Extremely Thought-Provoking
In all my years of reading, I've never been so engrossed in a book where I lose sight of what's going on around me. But it happened recently while reading The Cloisters. Mr. Carroll somehow managed to write three stories simultaneously and yet they were all connected. In the medieval story, I learned about the relationship between Heloise and Peter Abelard and how rigid and uncompromising religious beliefs were; in the second story, I read about what Jews had to do to stay alive during the Holocaust; and in the third story, which took place in the 1950s, I'm still trying to assimilate what it meant.
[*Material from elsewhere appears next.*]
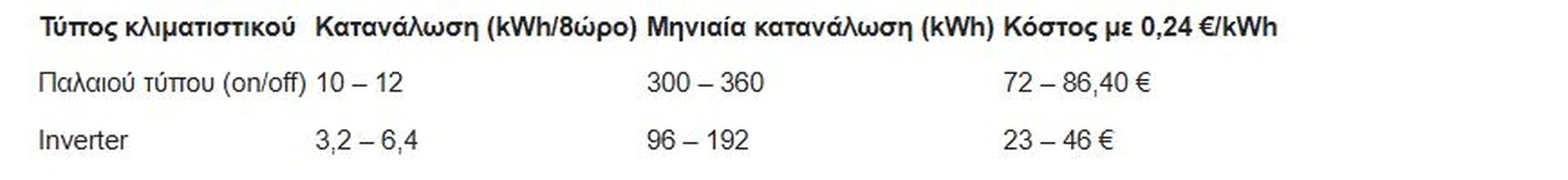 Τα στοιχεία αυτά αποδεικνύουν ότι ακόμη και ένα μικρό κλιματιστικό –εφόσον είναι παλαιού τύπου και λειτουργεί καθημερινά– μπορεί να οδηγήσει σε λογαριασμό που θα ξεπερνά τα 60 ευρώ τον μήνα. Το κόστος αυτό αυξάνεται ακόμα περισσότερο εάν υπάρχουν περισσότερες από μία συσκευές στο σπίτι ή εάν η κατανάλωση ενέργειας περνά το όριο που θέτει το πράσινο τιμολόγιο για τις χαμηλές χρεώσεις.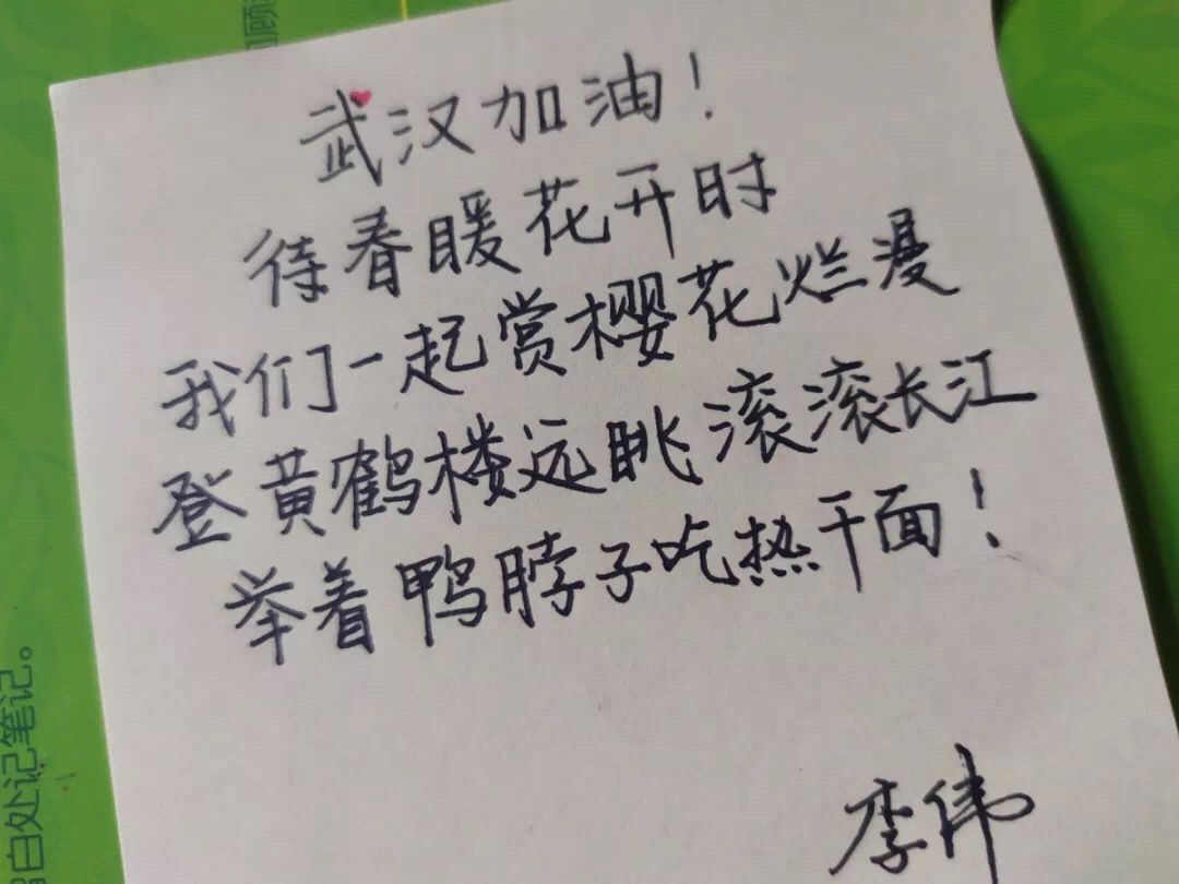 “你若无恙,我便安好”,在疫情当下,对很多人来说,“无恙”便是最大的期望。食品学子真情设计手写祝福,图文并茂,希望将自己的“无恙”期望传送到每一位此刻奋战在武汉的人。“武汉加油!待春暖花开时,我们一起赏樱花烂漫,登黄鹤楼远眺滚滚长江,举着鸭脖子吃热干面。”这是食品学子李伟满怀期待的祝福。“每个时代都有战士负重前行,为每一位战士祈福,你不是一个人在战斗,我们永远与你们同在”,一句话,透露出食品学子愿与白衣天使并肩作战的无畏精神。一线的医护人员舍己为人,不怕艰险,坚守在自己的岗位,食品学子也用自己独特的方式贡献自己的爱心,他们深感这个冬天不再寒冷,相信天佑中华,终将繁华与共。

I rarely read books twice, but The Cloisters' demands a second and possibly third reading, along with a good dictionary. I'm also looking forward to reading more of James Carroll's books.
D**S
read it for knowledge, read it for love
Must reading for leaders of Catholic education and curriculum. Why not tell it like it was/is? This is a warm-hearted, yet icily critical account of Catholic formation in the '50s. It is the story of the beauty of faith stunted by the hubris of power. Played out against the story of Heloise and Abelard and the inhumanity of the Holocaust, two honest souls seek the truth of their being.
L**Y
Get caught up in times lost and found
A beautiful work of courageous thought. Carroll intercalates time and loss, love and surprise. Life echoes back and forth from the twelfth century to the twentieth. A book to savour.
M**T
Love the three point plot
Love the three point plot, the character development, and the truthful depiction of rigid Catholic life, pre-Vatican II. (Also, the comparison of Cardinal Spellman with The Little King in the '50s Sunday funnies. Anyone else remember him?)My only objection is having Abelard and Heloise fall in love at first sight. In my experience, lasting relationships don't happen that way, but that's just me.If Peter Abelard had been heeded in his own time, and not condemned, could the Holocaust have been avoided? What about the current wave of ugly anti-Semitism? Certainly worth consideration.This book is fantastic. Read it! Cat Lady
D**P
Spuperb. More than just a novel.a treatise for our time.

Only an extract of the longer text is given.